Stored data -
********************

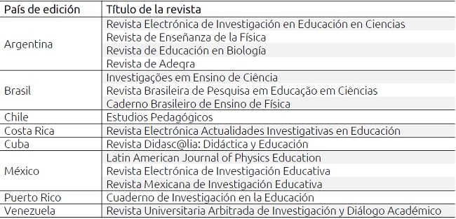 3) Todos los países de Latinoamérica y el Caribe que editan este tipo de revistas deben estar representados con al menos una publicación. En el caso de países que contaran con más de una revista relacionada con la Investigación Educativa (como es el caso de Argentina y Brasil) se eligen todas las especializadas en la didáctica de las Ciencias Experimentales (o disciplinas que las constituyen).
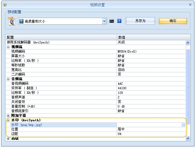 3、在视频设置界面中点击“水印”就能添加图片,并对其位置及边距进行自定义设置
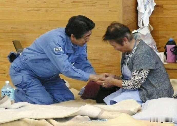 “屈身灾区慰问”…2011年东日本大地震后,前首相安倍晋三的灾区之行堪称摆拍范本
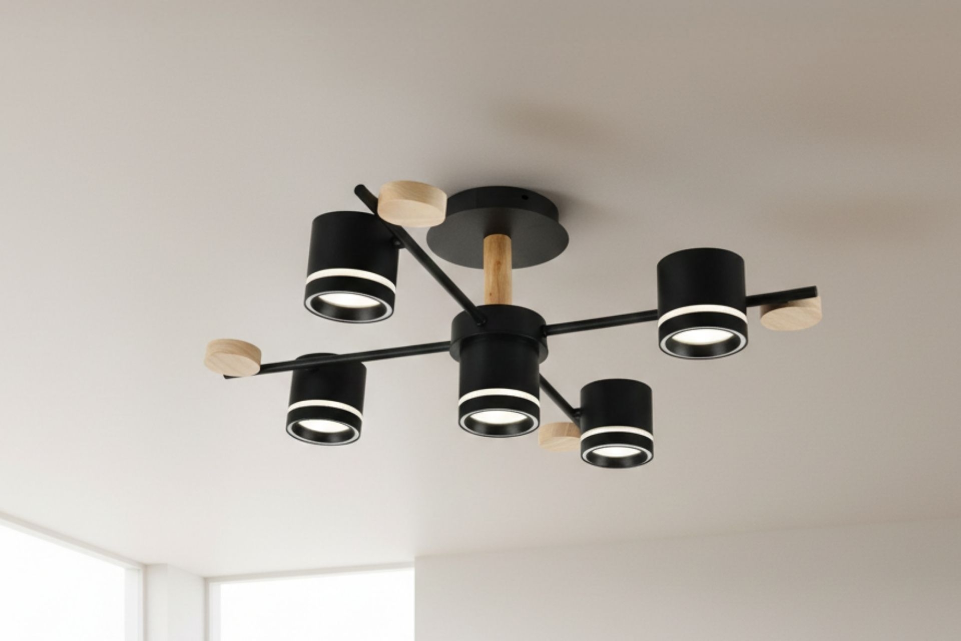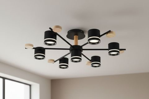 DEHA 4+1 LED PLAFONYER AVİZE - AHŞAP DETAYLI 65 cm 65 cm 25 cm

********************

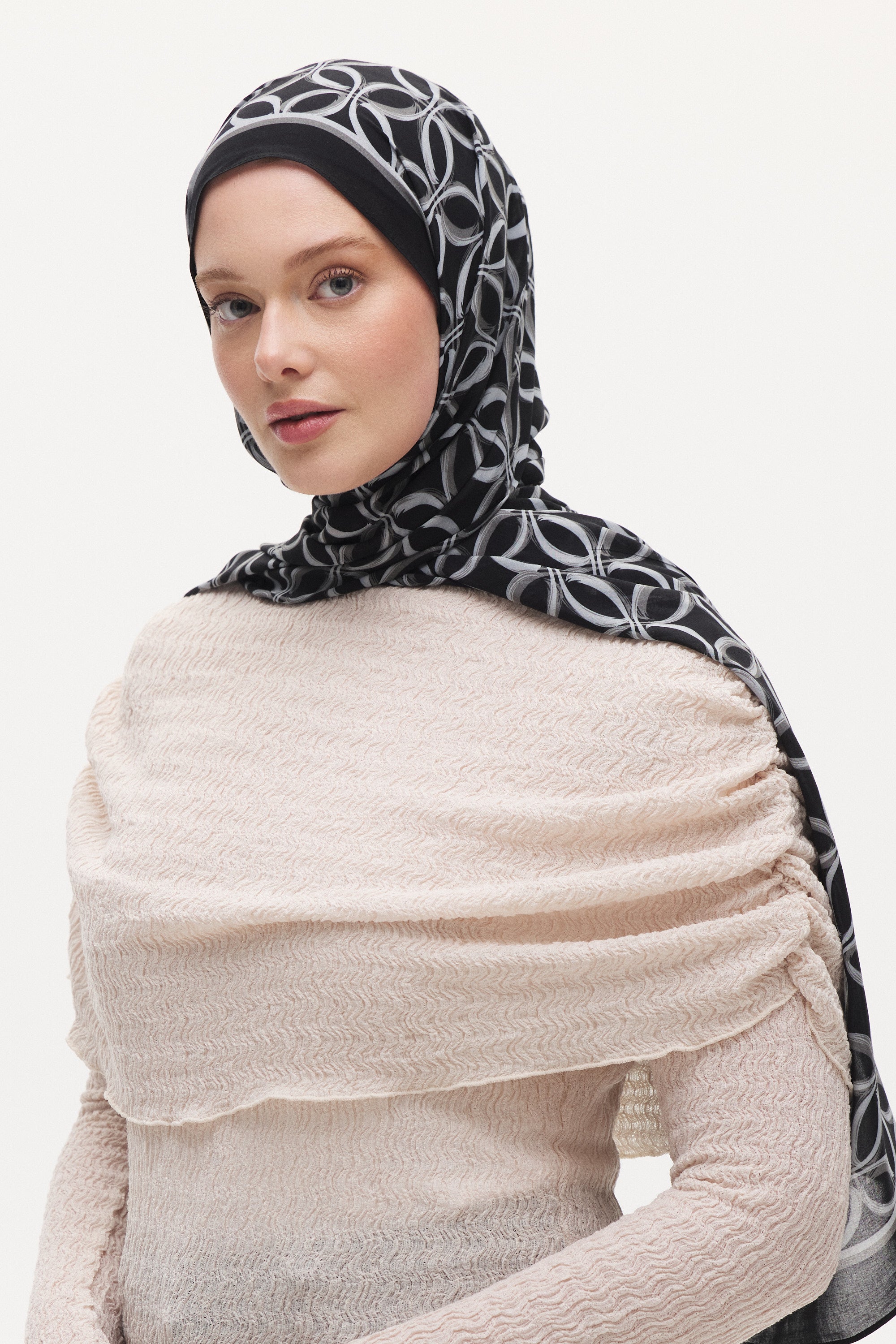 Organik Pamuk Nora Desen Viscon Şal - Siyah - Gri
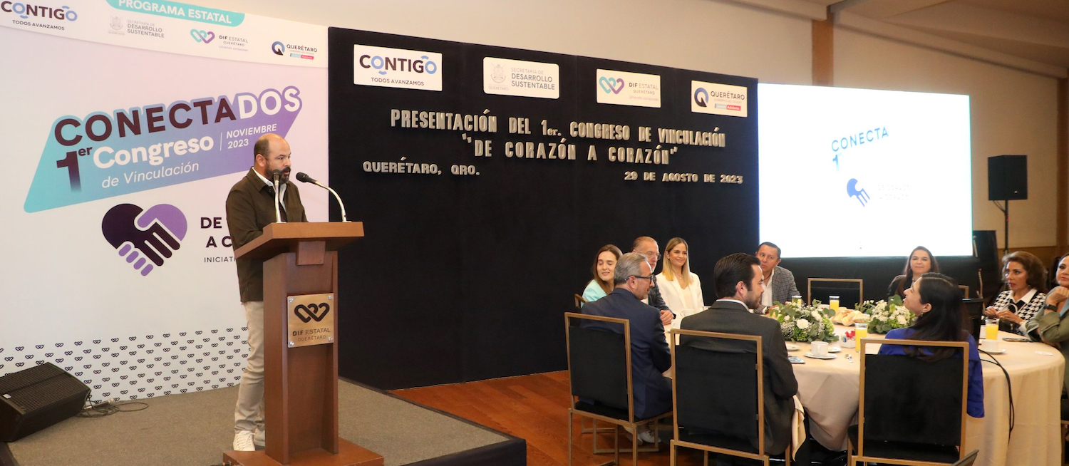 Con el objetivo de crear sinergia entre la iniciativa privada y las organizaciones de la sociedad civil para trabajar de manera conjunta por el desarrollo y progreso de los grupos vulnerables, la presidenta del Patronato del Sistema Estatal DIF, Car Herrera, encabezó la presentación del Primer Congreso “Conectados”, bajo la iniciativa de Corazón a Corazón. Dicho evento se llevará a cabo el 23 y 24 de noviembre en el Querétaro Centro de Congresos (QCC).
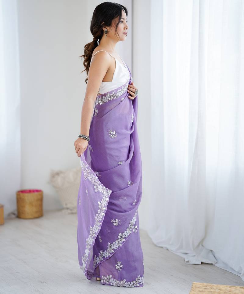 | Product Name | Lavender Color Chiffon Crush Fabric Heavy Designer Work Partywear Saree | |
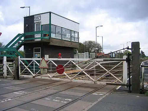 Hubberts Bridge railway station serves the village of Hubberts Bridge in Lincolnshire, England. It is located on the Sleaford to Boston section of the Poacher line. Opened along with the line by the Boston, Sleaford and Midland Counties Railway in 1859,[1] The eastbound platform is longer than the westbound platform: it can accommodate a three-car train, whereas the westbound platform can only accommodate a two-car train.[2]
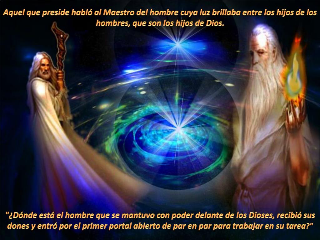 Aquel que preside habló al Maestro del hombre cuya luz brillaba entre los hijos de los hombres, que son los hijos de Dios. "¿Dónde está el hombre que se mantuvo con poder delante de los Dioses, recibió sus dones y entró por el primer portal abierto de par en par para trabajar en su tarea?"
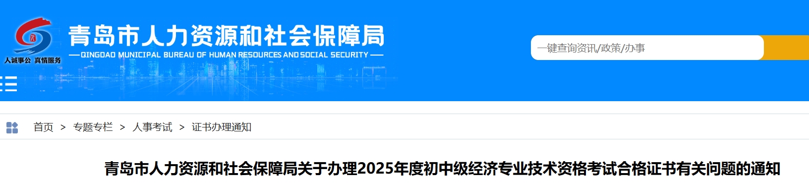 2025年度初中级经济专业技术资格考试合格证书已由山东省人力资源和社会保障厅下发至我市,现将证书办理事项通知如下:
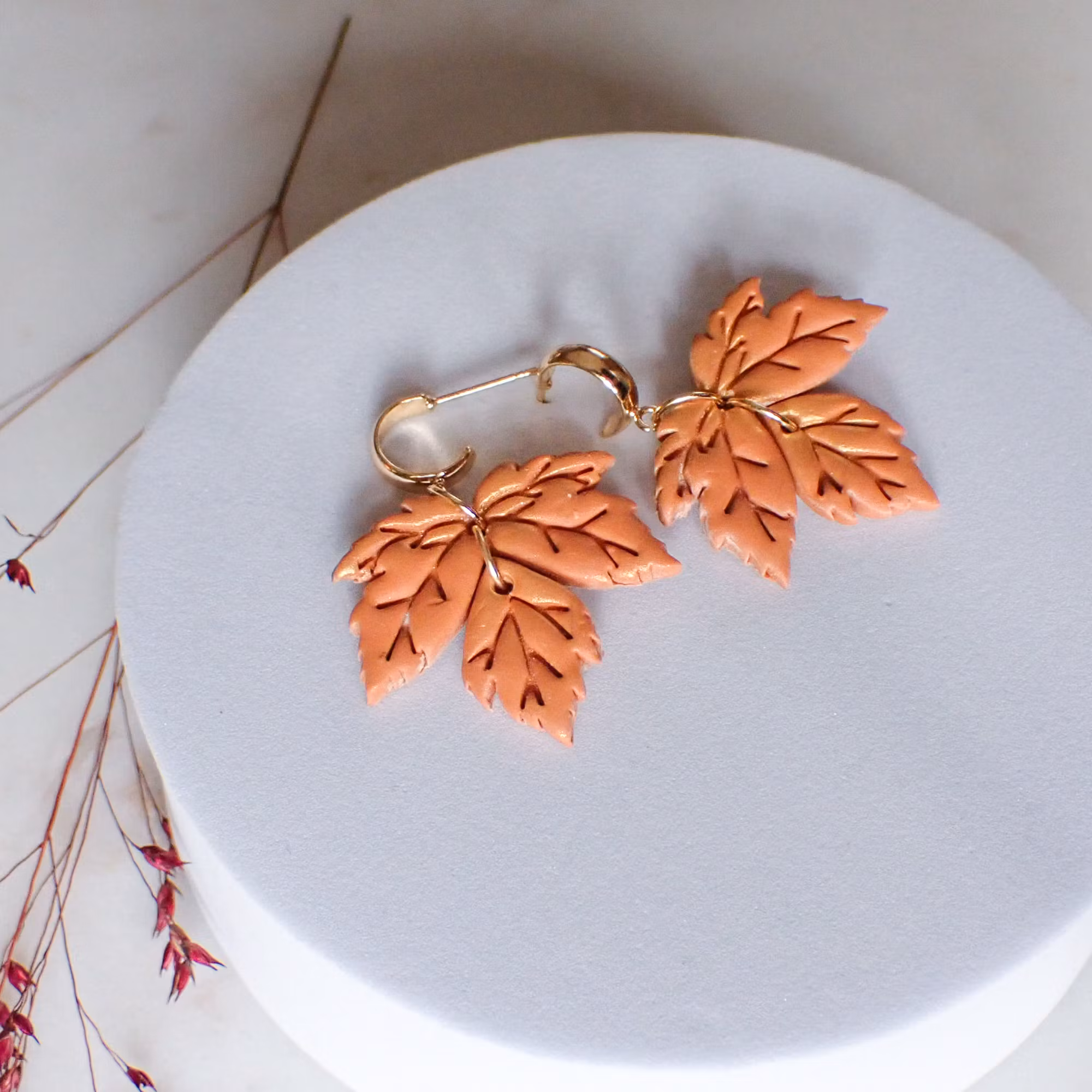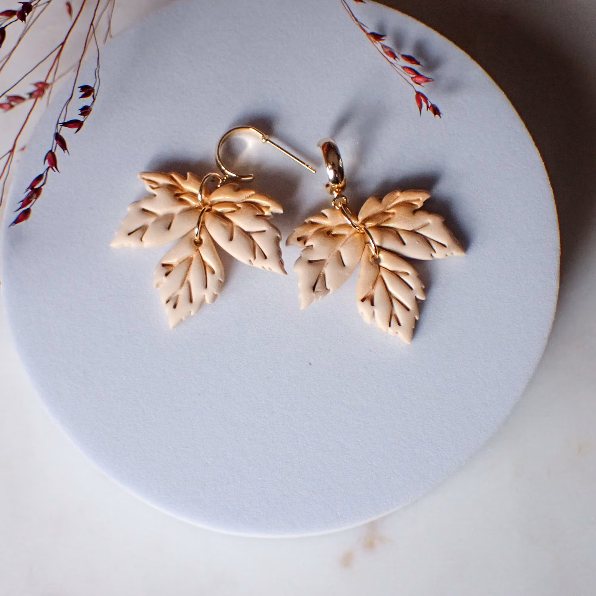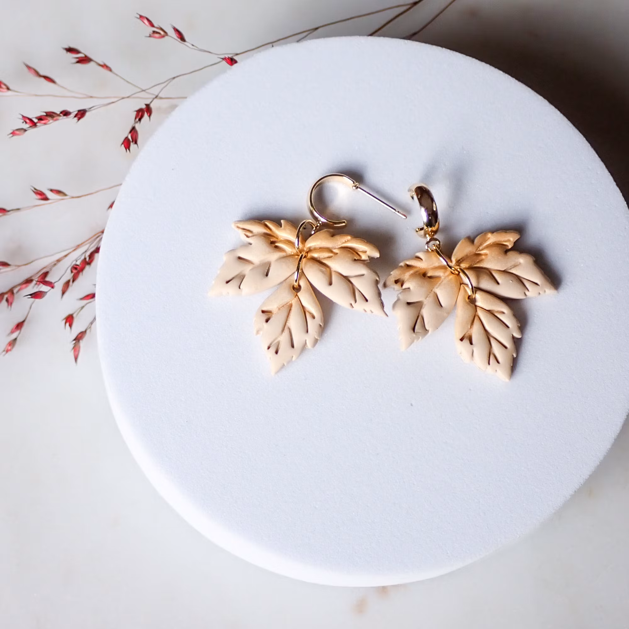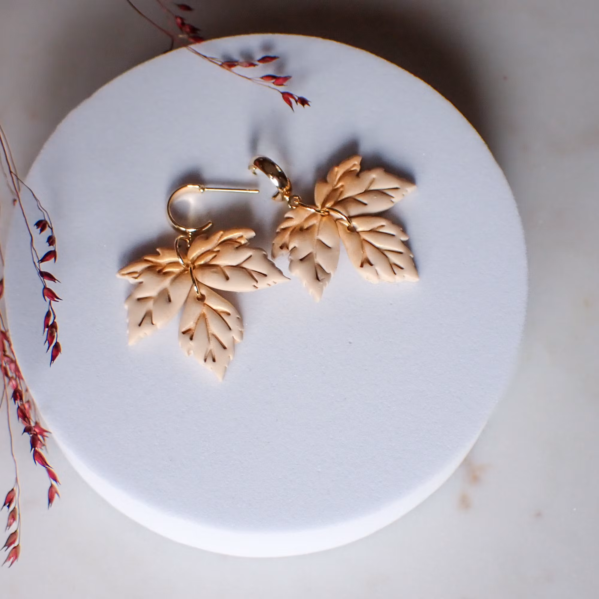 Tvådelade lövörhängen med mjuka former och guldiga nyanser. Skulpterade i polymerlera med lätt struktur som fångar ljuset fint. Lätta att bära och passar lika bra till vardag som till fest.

********************

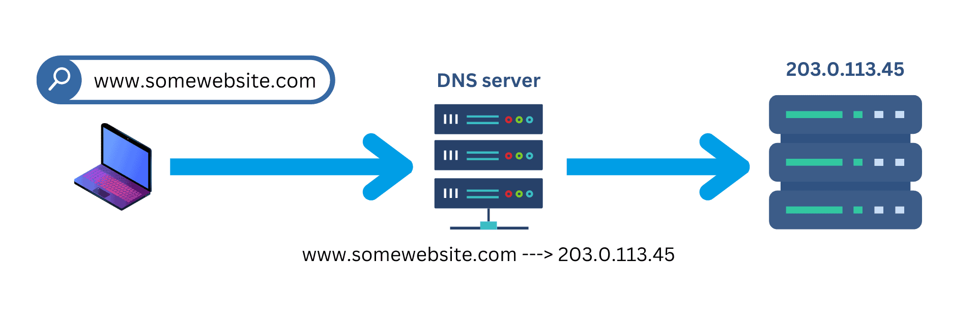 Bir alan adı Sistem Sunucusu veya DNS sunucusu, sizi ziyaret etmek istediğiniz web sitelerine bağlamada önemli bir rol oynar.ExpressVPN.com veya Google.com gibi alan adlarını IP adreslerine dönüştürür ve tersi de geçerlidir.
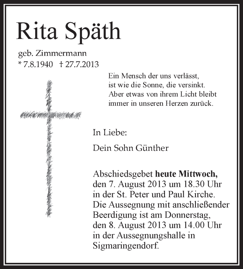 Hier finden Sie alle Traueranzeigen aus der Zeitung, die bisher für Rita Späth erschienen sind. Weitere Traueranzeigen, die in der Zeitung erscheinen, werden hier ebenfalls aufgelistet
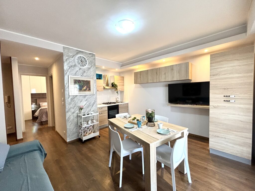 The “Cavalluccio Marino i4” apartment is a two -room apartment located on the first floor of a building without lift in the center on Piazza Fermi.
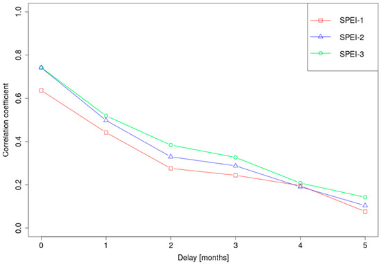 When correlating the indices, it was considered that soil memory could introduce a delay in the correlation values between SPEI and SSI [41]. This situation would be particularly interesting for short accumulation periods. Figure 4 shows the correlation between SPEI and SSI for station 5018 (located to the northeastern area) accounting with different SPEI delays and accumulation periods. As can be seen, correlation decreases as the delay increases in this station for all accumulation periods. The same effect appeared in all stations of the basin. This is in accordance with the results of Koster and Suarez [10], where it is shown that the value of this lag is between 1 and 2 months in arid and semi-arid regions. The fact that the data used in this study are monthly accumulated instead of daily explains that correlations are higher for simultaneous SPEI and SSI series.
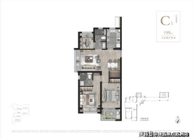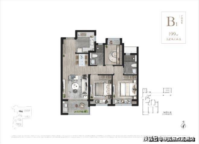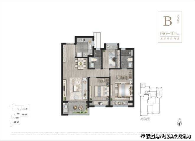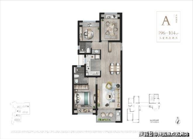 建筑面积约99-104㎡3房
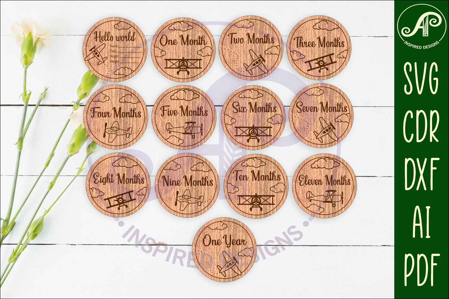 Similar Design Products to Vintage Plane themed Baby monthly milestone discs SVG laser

********************

The problem - Copy the listing above exactly, but only from the line with "3) Todos los" through the line with "DEHA 4+1 LED", including those two lines and excluding any picture.

Exercise answer -
 3) Todos los países de Latinoamérica y el Caribe que editan este tipo de revistas deben estar representados con al menos una publicación. En el caso de países que contaran con más de una revista relacionada con la Investigación Educativa (como es el caso de Argentina y Brasil) se eligen todas las especializadas en la didáctica de las Ciencias Experimentales (o disciplinas que las constituyen).
 3、在视频设置界面中点击“水印”就能添加图片,并对其位置及边距进行自定义设置
 “屈身灾区慰问”…2011年东日本大地震后,前首相安倍晋三的灾区之行堪称摆拍范本
 DEHA 4+1 LED PLAFONYER AVİZE - AHŞAP DETAYLI 65 cm 65 cm 25 cm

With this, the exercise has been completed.